28.08.2002 BGH: Vermögensberater kann auch für entgangenen Gewinn haften
In einem kürzlich veröffentlichten Urteil wurde ein Vermögensverwalter auch zur Erstattung des entgangenen Gewinns eines Anlegers verpflichtet.
Der Kunde und spätere Kläger vereinbarte mit dem Finanzdienstleister die Anlagestrategie "konservativ, Wachstum, 5 % Aktienoptionen". Das Anlagevermögen wurde jedoch abredewidrig hauptsächlich in Optionen und in an der NASDAQ notierten Aktien investiert. Nach der Kündigung des Vertrags bekam der Kläger nur noch knapp zwei Drittel seines Einsatzes zurückbezahlt. Der Kläger beanstandete, dass die Beklagte entgegen der vertraglichen Vereinbarung nicht konservative Aktienwerte, sondern hochspekulative Aktien gekauft hatte. Bei einer konservativen Anlageinvestition hätte er einen Wertzuwachs von 56 % erzielen können. Er hat von der Beklagten deshalb Ersatz des verlorenen Kapitals sowie entgangenen Gewinn verlangt.

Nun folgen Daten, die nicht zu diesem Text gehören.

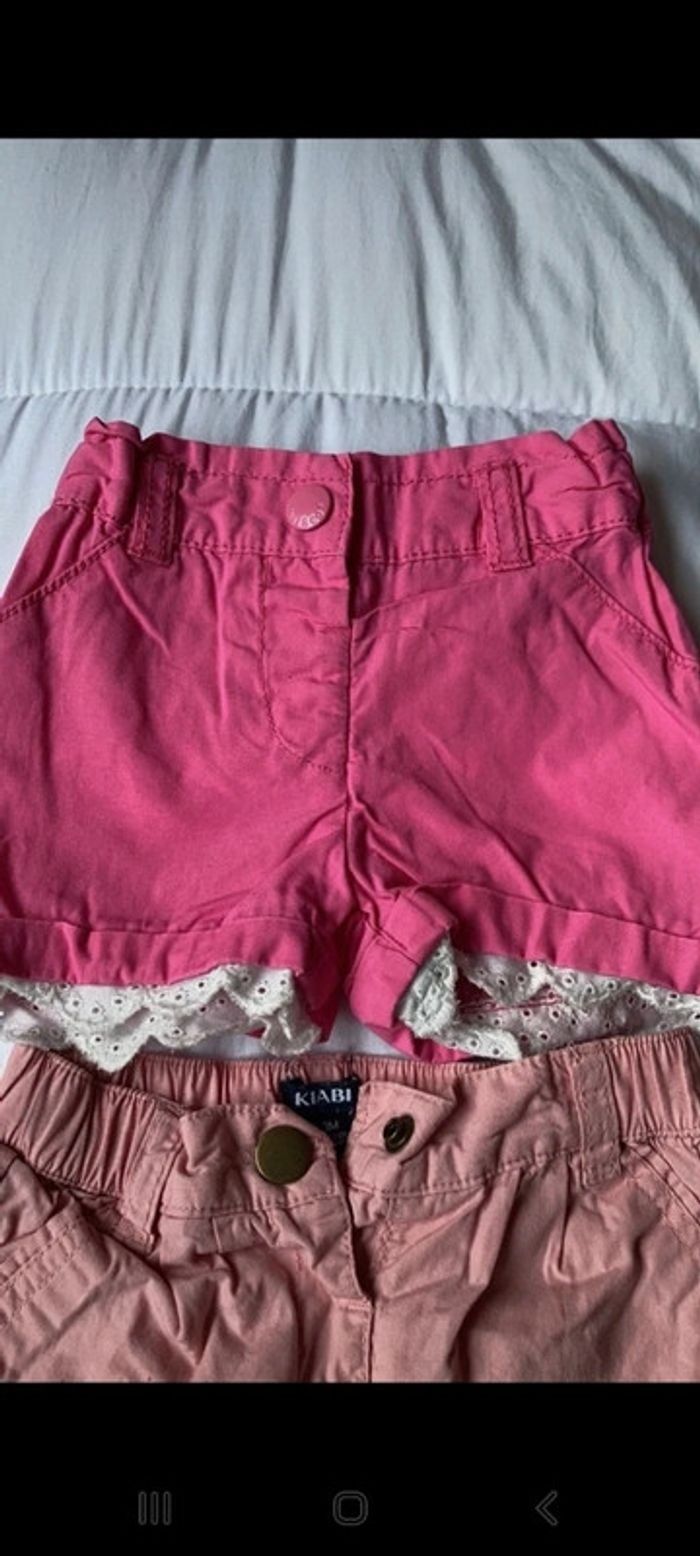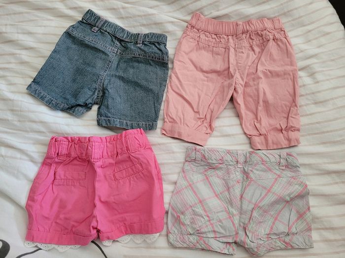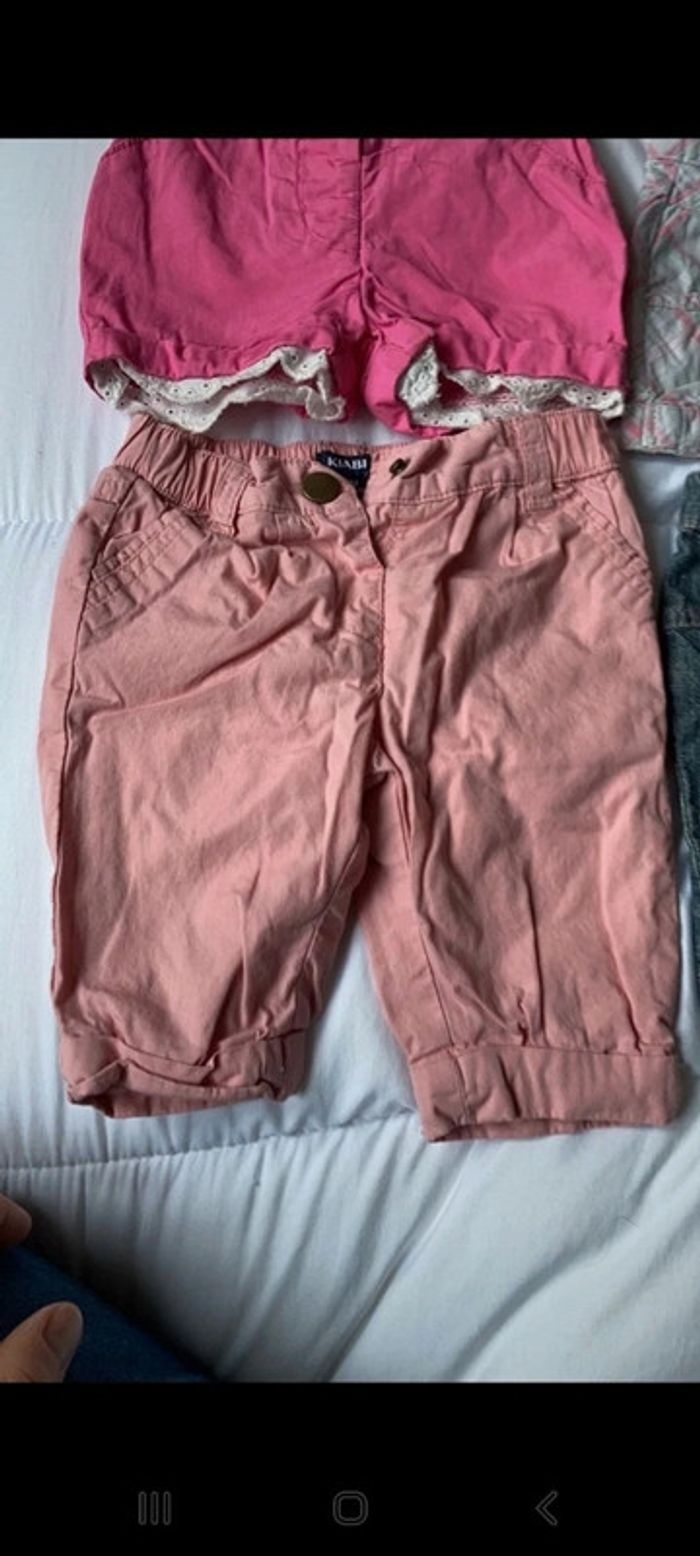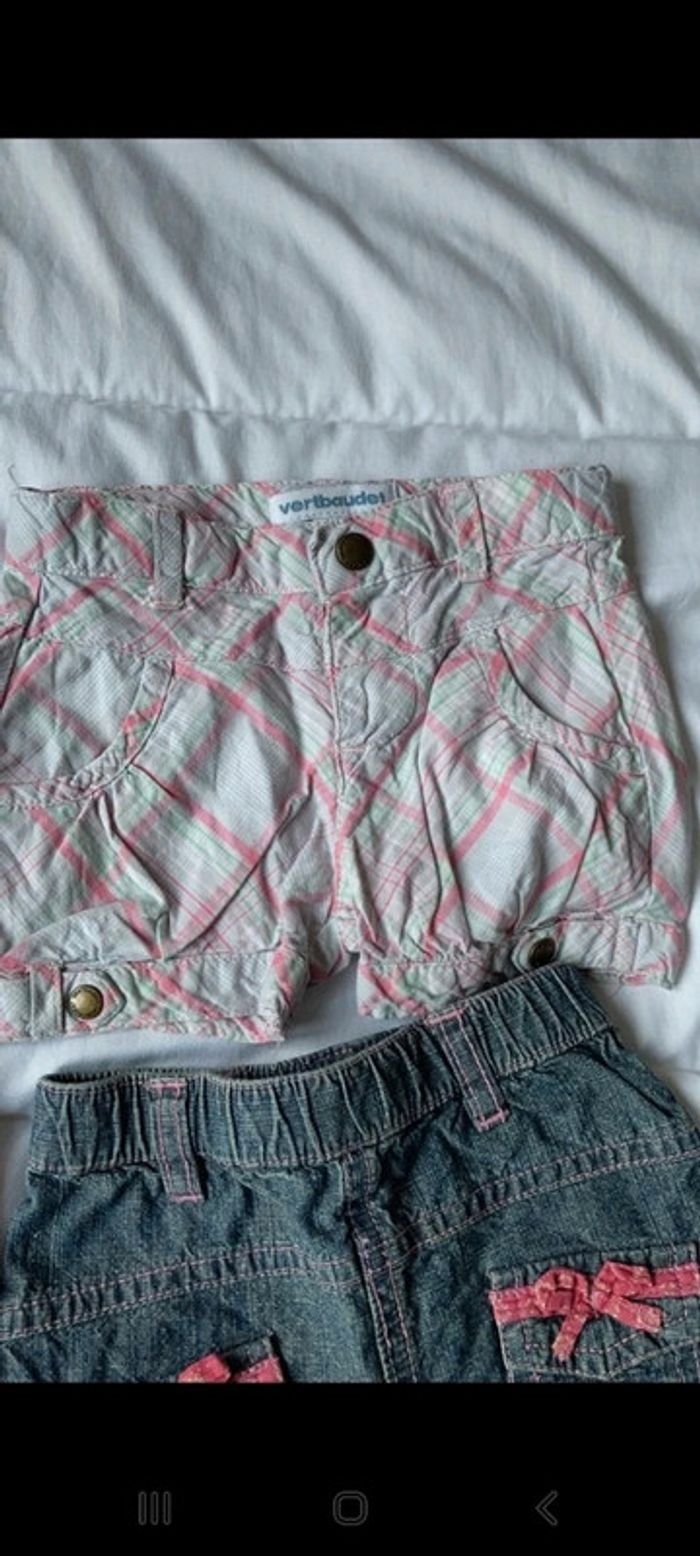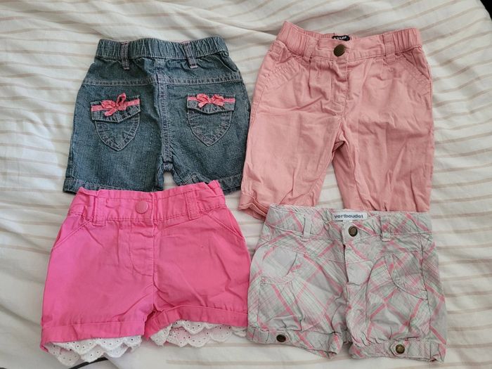 Quatre bas été fille, taille 3 mois - 3 shorts : rose de marque Kiabi, Jean effet denim marque Vertbaudet, rose et gris de marque Vertbaudet - 1 pantacourt rose, marque Kiabi. Très bon état général. Ils s'ouvrent par l'avant grâce à un bouton pression sauf le short en jean bleu qui s'enfile directement. Le lot peut-être défait. #T3_6mois_baptlily

Der BGH entschied zugunsten des Klägers und gestand ihm auch den Anspruch auf Ersatz des entgangenen Gewinns zu.
BGH, Urteil vom 02.05.2002 Az.: III ZR 100/01
22.08.2002 LG Hamburg: Neues Mietrecht auch für Altverträge
Knapp ein Jahr nach In-Kraft-Treten der Mietrechtsreform entschied jetzt erstmals ein Landgericht die Streitfrage, ob die kürzere, dreimonatige Kündigungsfrist für Mieter auch bei so genannten Altmietverträgen gilt.
Die neue dreimonatige Kündigungsfrist gelte, so das Landgericht, auch für Altmietverträge, die vor In-Kraft-Treten der Mietrechtsreform, d.h. vor dem 1. September 2001 abgeschlossen waren, und in denen der frühere Kündigungsfristparagraph mit der je nach Wohndauer zwischen 3 und 12 Monaten gestaffelten Kündigungsfrist wiederholt, sinngemäß wiedergegeben oder wortwörtlich abgedruckt ist.

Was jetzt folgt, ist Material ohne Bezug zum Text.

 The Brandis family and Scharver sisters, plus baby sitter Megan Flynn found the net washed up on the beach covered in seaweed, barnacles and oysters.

Das alles seien keine vertraglichen Vereinbarungen, die der gesetzlichen Neuregelung vorgehen, entschied das Landgericht. Da die Gesetzesfassung unklar sei, müsse auf den Willen des Gesetzgebers abgestellt werden und der sei eindeutig. Nur echte, ganz bewusst und individuell ausgehandelte Vereinbarungen in Altmietverträgen könnten Vorrang vor der gesetzlichen Neuregelung beanspruchen.

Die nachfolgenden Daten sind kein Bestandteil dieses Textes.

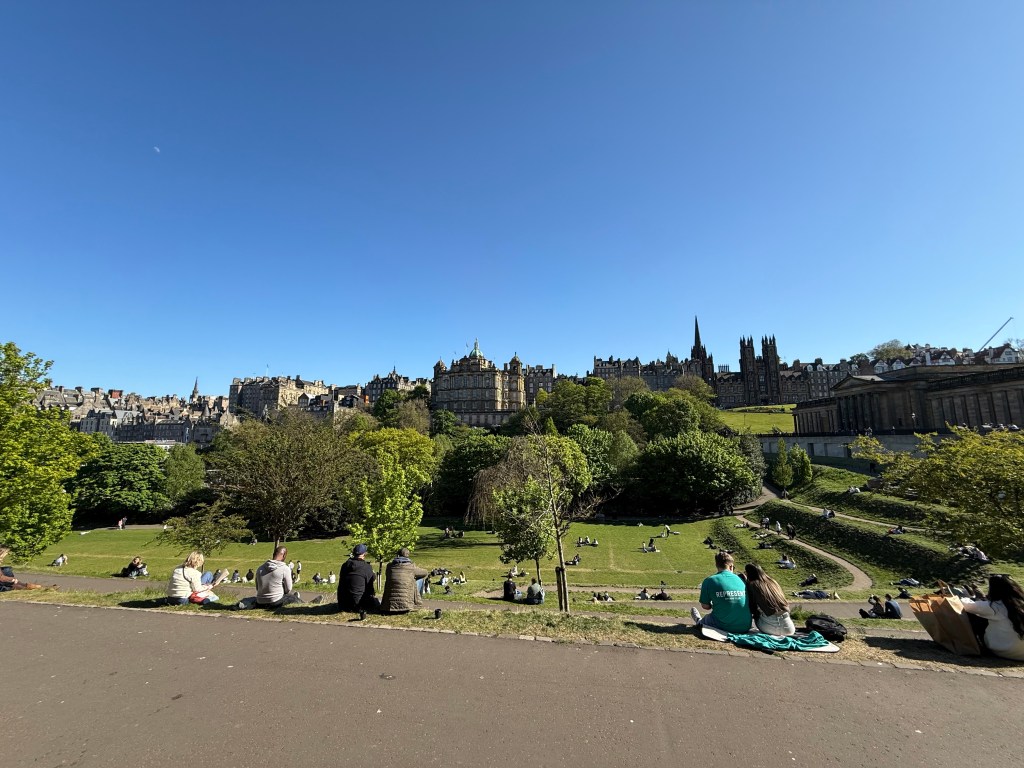 Stepping onto Princes Street felt like walking straight into the heartbeat of Edinburgh. The moment we emerged from the station, the city opened up in front of us — the castle towering dramatically above, the gardens stretching out below, and the buzz of people, buses, and bagpipes filling the air. Edinburgh has this electric mix of old‑world charm and modern city life, where you can shop at high‑street stores while staring at centuries‑old stone walls perched on volcanic rock. It was the perfect first impression: lively, scenic, and unmistakably Edinburgh.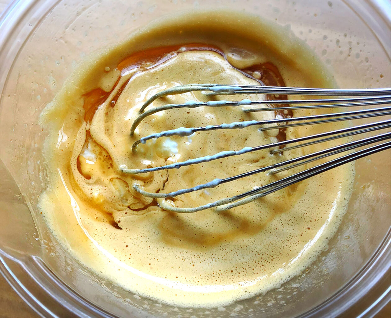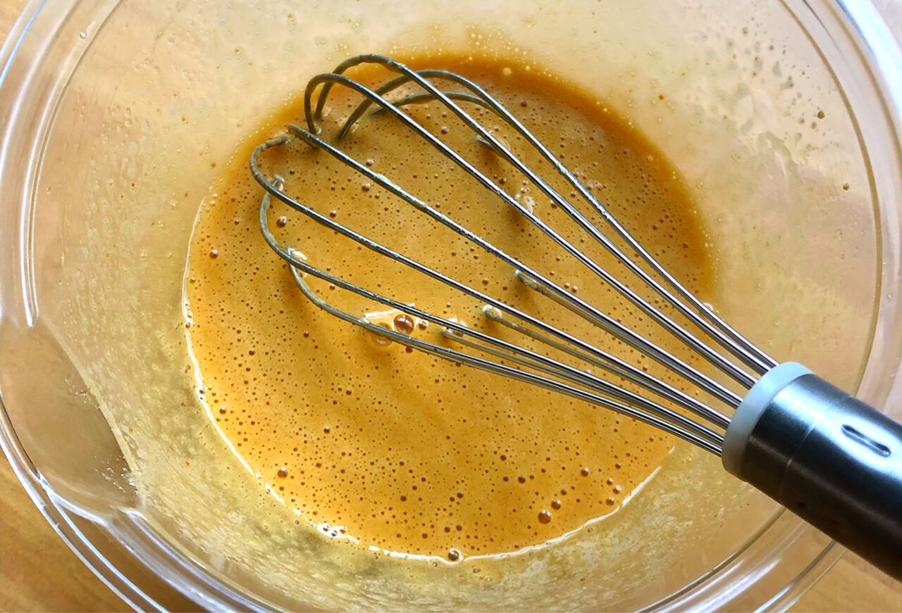 1.ボウルに卵を入れて溶きほぐし、砂糖を加えてよく混ぜる。(少しふんわりするくらいまで)

Verschiedene Amtsgerichte hatten bisher diese Rechtsfrage unterschiedlich beurteilt. Das Amtsgericht Hamburg (815 BC 22/01) und das Amtsgericht Neuköln (16 C 613/01) entschieden wie das Landgericht Hamburg. Anderer Auffassung waren die Amtsgerichte Steinfurt, Frankfurt, Charlottenburg und Berlin-Tempelhof. Sie gingen davon aus, dass in den umstrittenen Fällen die alten gestaffelten Kündigungsfristen einzuhalten seien (Pressemitteilung Deutscher Mieterbund).
LG Hamburg, Az.: 311 S 53/02
21.08.2002 OLG Nürnberg: Kein Versicherungsschutz bei Unfall mit frisiertem Moped
Wie das OLG Nürnberg in einem kürzlich veröffentlichten Urteil entschied, kann ein Verkehrsteilnehmer, der ein frisiertes Moped fährt, seinen Versicherungsschutz verlieren.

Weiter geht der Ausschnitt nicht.